Fiat-geld is een papieren geld en het vertegenwoordigt niets anders dan een belofte of een verplichting. In een fiat-monetair systeem vindt de laatste betaling nooit plaats omdat een transactie wordt uitgevoerd met een belofte, een verklaring of een verplichting die iets anders verschuldigd is. Hier is de monetaire eenheid een juridische fictie. Het is niet tastbaar en heeft geen gedefinieerde maateenheid.

3) Overheidsinterventie
De hoeveelheid geld is niet onderhevig aan overheidsmanipulatie onder grondstofgeldsystemen zoals de zilver- of goudstandaard, omdat het een waarde van zichzelf heeft die onafhankelijk is van zijn monetaire gebruik. Aan de andere kant behouden de regeringen de controle over het geld onder een fiat-monetair systeem en kunnen ze het aanbod van geld veranderen wanneer ze politieke overwegingen willen..

4) Bepalen van de hoeveelheid
In een commodity-monetair systeem, zoals de goudstandaard, bepalen marktkrachten de hoeveelheid goud die wordt gemunt. Het grote publiek beslist over het aantal gouden munten dat ze nodig hebben door de hoeveelheid goud die in de munt is gebracht voor het munten en door het aantal gouden munten dat gesmolten is voor andere gebruiken.
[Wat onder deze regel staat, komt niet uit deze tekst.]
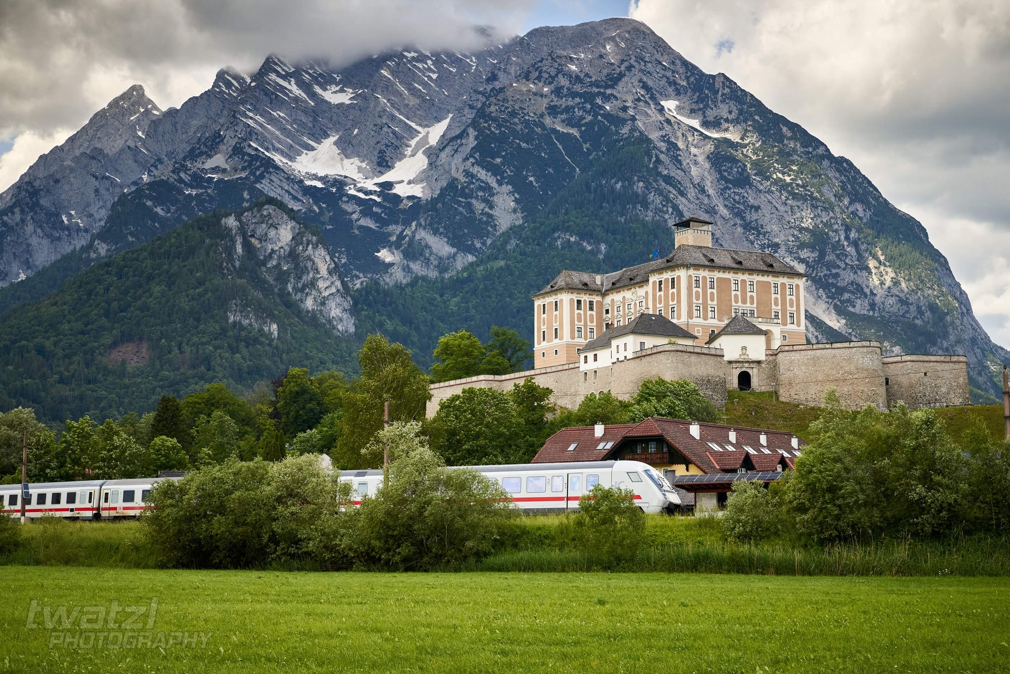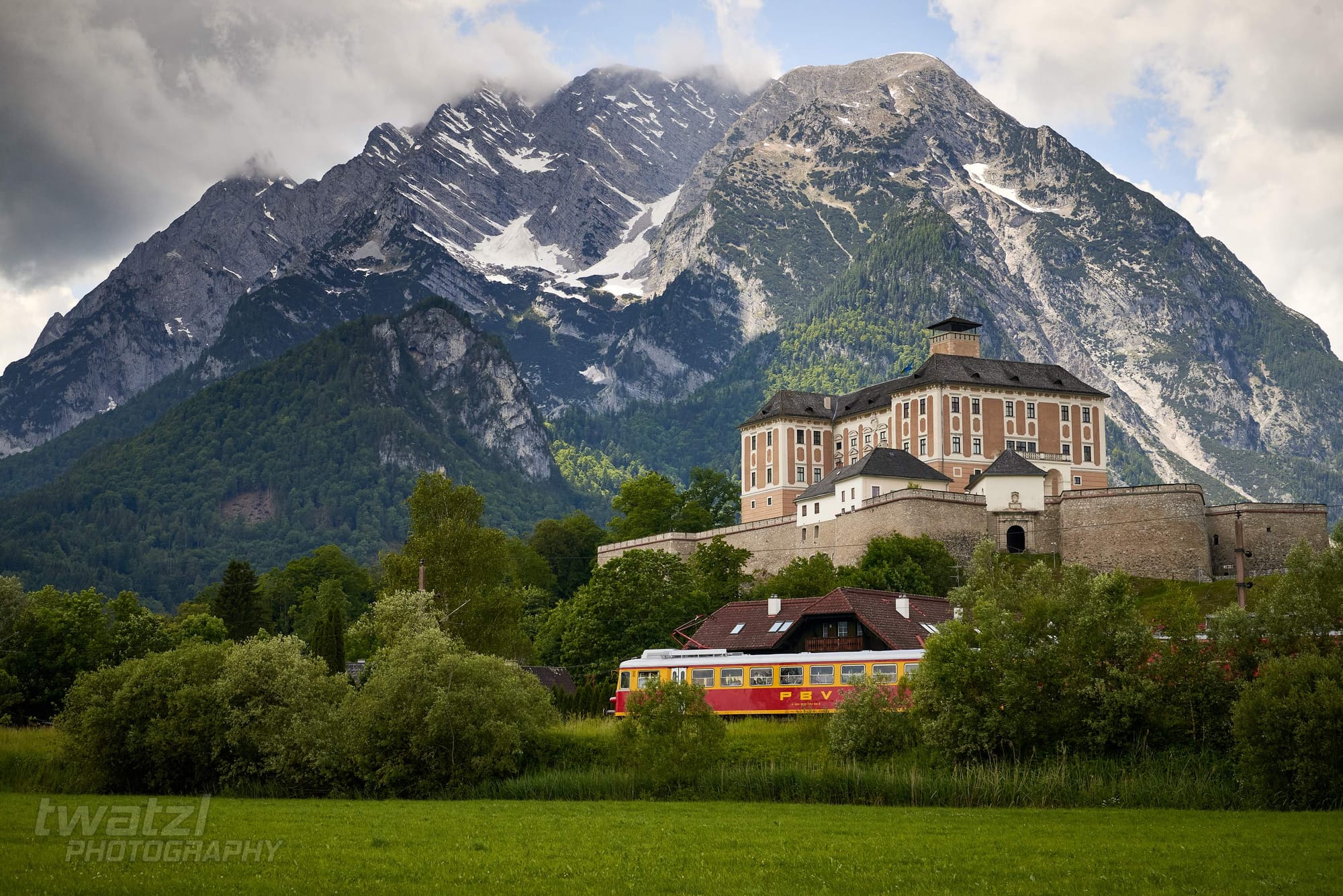 Und Schloss Trautenfels und der Grimming sind auch ohne Zug imposant.

Daarom kan worden gezegd dat de waarde van grondstoffengeld wordt bepaald door de wijsheid en kennis van alle mensen die de geldvoorraad reguleren.
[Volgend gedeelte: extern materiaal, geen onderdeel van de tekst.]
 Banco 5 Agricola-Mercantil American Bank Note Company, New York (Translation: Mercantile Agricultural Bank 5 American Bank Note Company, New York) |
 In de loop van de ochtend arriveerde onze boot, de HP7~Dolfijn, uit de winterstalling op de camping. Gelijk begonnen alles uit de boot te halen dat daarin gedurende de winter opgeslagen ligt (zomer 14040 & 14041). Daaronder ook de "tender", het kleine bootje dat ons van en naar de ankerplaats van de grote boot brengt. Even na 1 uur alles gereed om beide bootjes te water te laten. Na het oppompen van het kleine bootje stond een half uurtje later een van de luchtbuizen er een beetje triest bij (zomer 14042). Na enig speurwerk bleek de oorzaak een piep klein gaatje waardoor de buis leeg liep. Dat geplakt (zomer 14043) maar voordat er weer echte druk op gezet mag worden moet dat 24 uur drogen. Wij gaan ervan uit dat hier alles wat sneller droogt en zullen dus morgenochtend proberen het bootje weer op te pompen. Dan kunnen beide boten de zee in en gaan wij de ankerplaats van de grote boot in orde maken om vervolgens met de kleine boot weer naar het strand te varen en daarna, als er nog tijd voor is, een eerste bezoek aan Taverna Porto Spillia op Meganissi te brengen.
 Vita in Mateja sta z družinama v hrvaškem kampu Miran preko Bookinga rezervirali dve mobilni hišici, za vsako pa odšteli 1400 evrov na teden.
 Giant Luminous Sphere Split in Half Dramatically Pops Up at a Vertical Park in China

In het geval van het fiat-monetaire systeem is het monetaire beleid van de overheid vereist om de hoeveelheid fiat-geld te reguleren. Voor de ontwikkeling van dit beleid is een deskundigenoordeel vereist om de gewenste doelen te bereiken. Het beleid is echter volledig gebaseerd op het persoonlijke waardeoordeel van deze experts en als het beleid eenmaal is afgerond, zijn regeringsstrijdkrachten verplicht om dit beleid te implementeren..

5) Aard van de valuta
Fiat-geld is een politieke valuta omdat de politieke behoefte bepalend is voor de hoeveelheid. Het is direct verbonden met de overheidsschuld, zelfs als het rechtstreeks wordt uitgegeven door de overheid en rentevrij is. Overwegende dat grondstoffengeld een economische valuta is en dat de hoeveelheid ervan wordt bepaald door de behoeften van de economie, aangezien het verband houdt met de productie van echte goederen en diensten.

6) Bepaling van de waarde
Onder een fiat-monetair systeem zijn de regeringen in staat om het monopolie op geld te verwerven en door hun monopolistische controle over geld te gebruiken; ze kunnen opblazen tot het geld helemaal waardeloos is. Met grondstoffengeld wordt de waarde van het warengeld bepaald door de productie van grondstoffen.

Er kan echter worden gezegd dat fiatgeld in eerste instantie afhankelijk is van grondstoffengeld voor zijn waarde omdat iets alleen als ruilmiddel wordt geëist als het een bestaande ruilvraag heeft. Daarom groeit fiatgeld uit het grondstoffenmuntensysteem en is het gebaseerd op het fenomeen dat de macht van de overheid waarde biedt aan een stuk papier dat niet zijn eigen intrinsieke waarde heeft.